Indian Spiced Cabbage with Dates

Spicy, earthy, and with just a hint of sweetness, this Indian inspired side dish will definitely be making an appearance in my kitchen often. There are quite a few things I love about this recipe. First it comes together in under 10 minutes if you start with pre-shredded cabbage or cole slaw mix. Win! Second it is full of unusual and interesting flavors from the mustard seeds, curry, garlic, ginger, and dates. This makes it a great complement to a simple baked or grilled protein since the side dish packs in the flavor. Win, win! Finally it tastes great hot, at room temperature, or chilled, which makes it great for leftovers.

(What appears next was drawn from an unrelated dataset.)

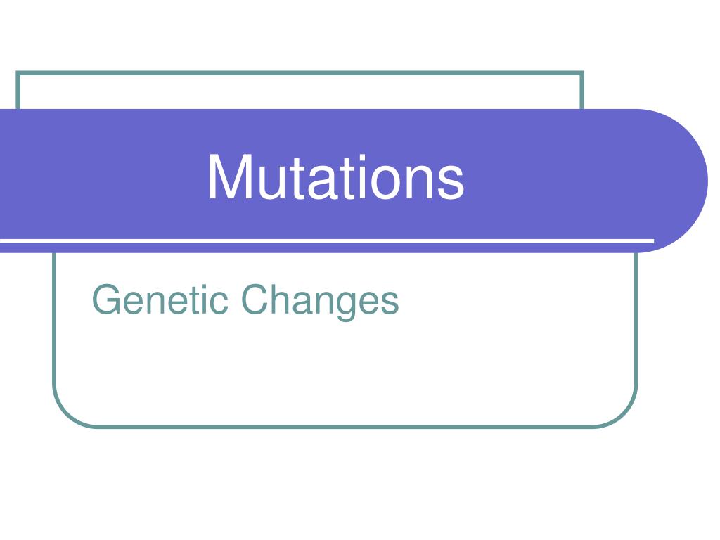 Mutations. Genetic Changes. What is a mutation ?. A change in the base sequence of DNA. What causes mutations?. Mistakes in replication (spontaneous) Mistakes in base pairs Environmental factors (mutagens) High energy radiation (X rays, UV rays)

In fact, it will taste better the next day and is delicious as a cold salad, sandwich filling, or added to a broth for a quick Indian inspired soup. It’s also low calorie and can be low carb without the dates so it works for lots of diets. Win, win, win!

Indian Spiced Cabbage with Dates
Servings: 4
Serving Size: 1/4 recipe (about 2/3 cup)
Nutritional Info: 91 calories, 3.9g of fat, 14.4g carbohydrates, 3.1g dietary fiber, 1.7g of protein, 9.4g of sugar
Weight Watchers® PointsPlus®: 2 * (more…)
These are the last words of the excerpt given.